▶ **Given information**

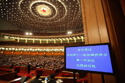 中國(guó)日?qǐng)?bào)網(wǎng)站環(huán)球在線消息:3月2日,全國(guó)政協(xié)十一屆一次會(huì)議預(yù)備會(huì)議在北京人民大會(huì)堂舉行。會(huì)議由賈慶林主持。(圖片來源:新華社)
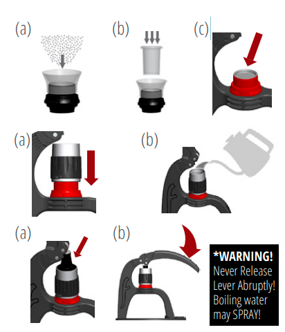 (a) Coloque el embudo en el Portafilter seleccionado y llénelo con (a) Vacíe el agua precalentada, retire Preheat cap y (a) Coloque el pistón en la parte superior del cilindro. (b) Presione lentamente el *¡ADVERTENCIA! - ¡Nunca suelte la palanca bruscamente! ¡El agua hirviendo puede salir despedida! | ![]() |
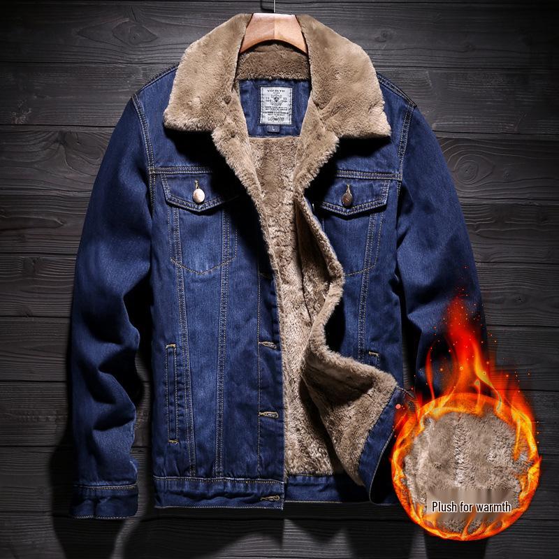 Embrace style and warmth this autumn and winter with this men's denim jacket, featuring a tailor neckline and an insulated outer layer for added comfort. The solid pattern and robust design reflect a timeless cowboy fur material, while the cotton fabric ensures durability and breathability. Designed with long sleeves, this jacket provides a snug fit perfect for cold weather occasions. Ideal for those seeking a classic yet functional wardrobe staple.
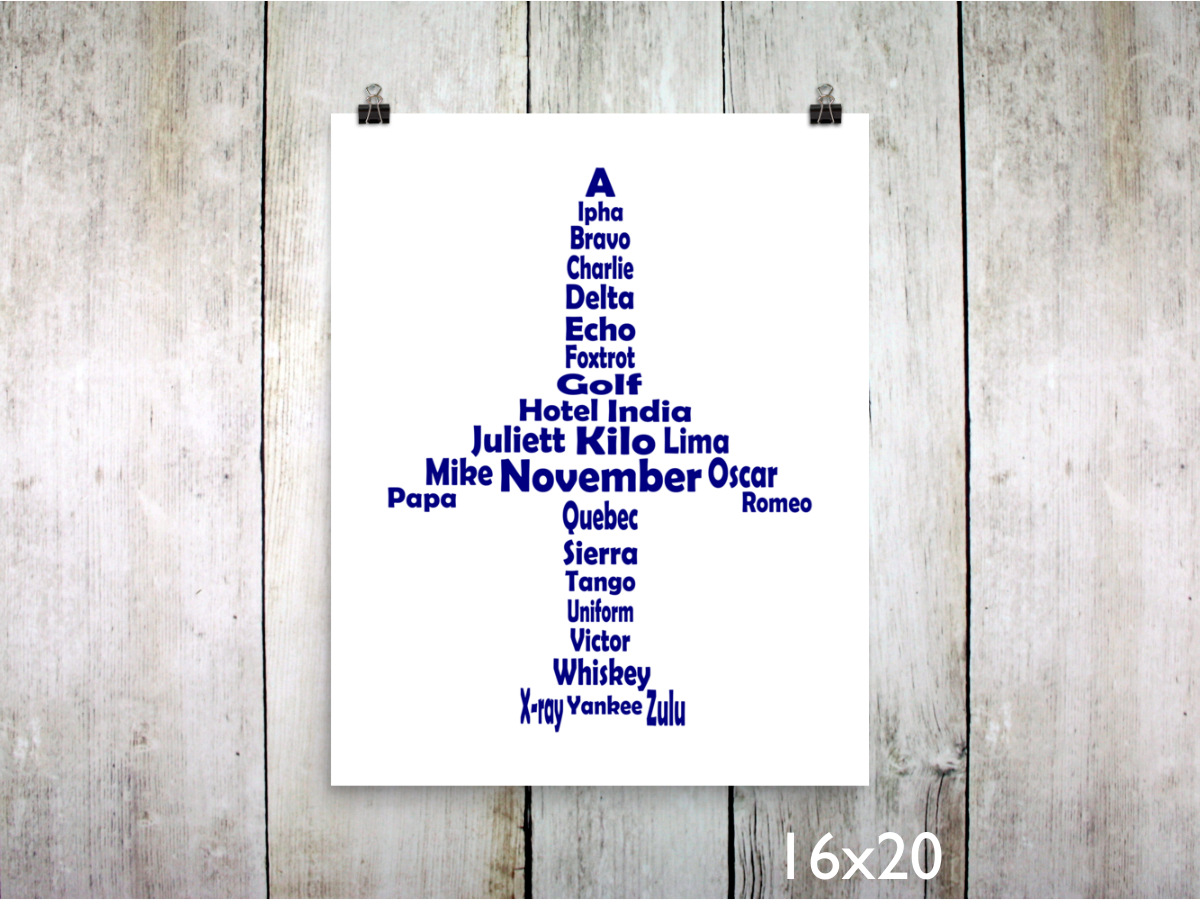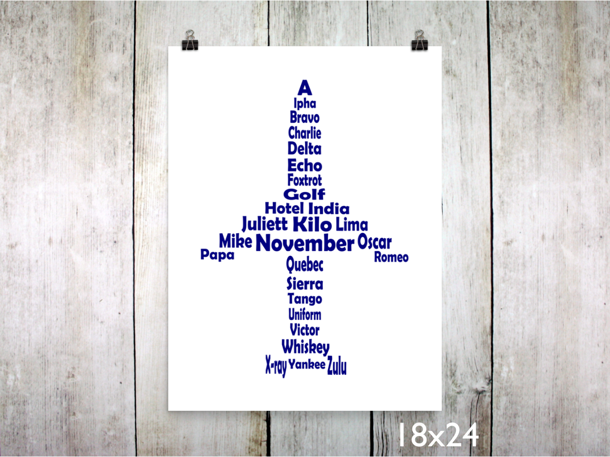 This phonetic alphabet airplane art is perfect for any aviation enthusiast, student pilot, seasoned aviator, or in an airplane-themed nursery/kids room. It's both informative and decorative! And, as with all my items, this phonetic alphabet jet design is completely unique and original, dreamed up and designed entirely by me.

▶ **Work to complete**
Here the job is to output the lines from the top of the listing through the line holding "(a) Coloque el embudo", word for word and without pictures.

▶ **Response area**
 中國(guó)日?qǐng)?bào)網(wǎng)站環(huán)球在線消息:3月2日,全國(guó)政協(xié)十一屆一次會(huì)議預(yù)備會(huì)議在北京人民大會(huì)堂舉行。會(huì)議由賈慶林主持。(圖片來源:新華社)
 (a) Coloque el embudo en el Portafilter seleccionado y llénelo con (a) Vacíe el agua precalentada, retire Preheat cap y (a) Coloque el pistón en la parte superior del cilindro. (b) Presione lentamente el *¡ADVERTENCIA! - ¡Nunca suelte la palanca bruscamente! ¡El agua hirviendo puede salir despedida! | ![]() |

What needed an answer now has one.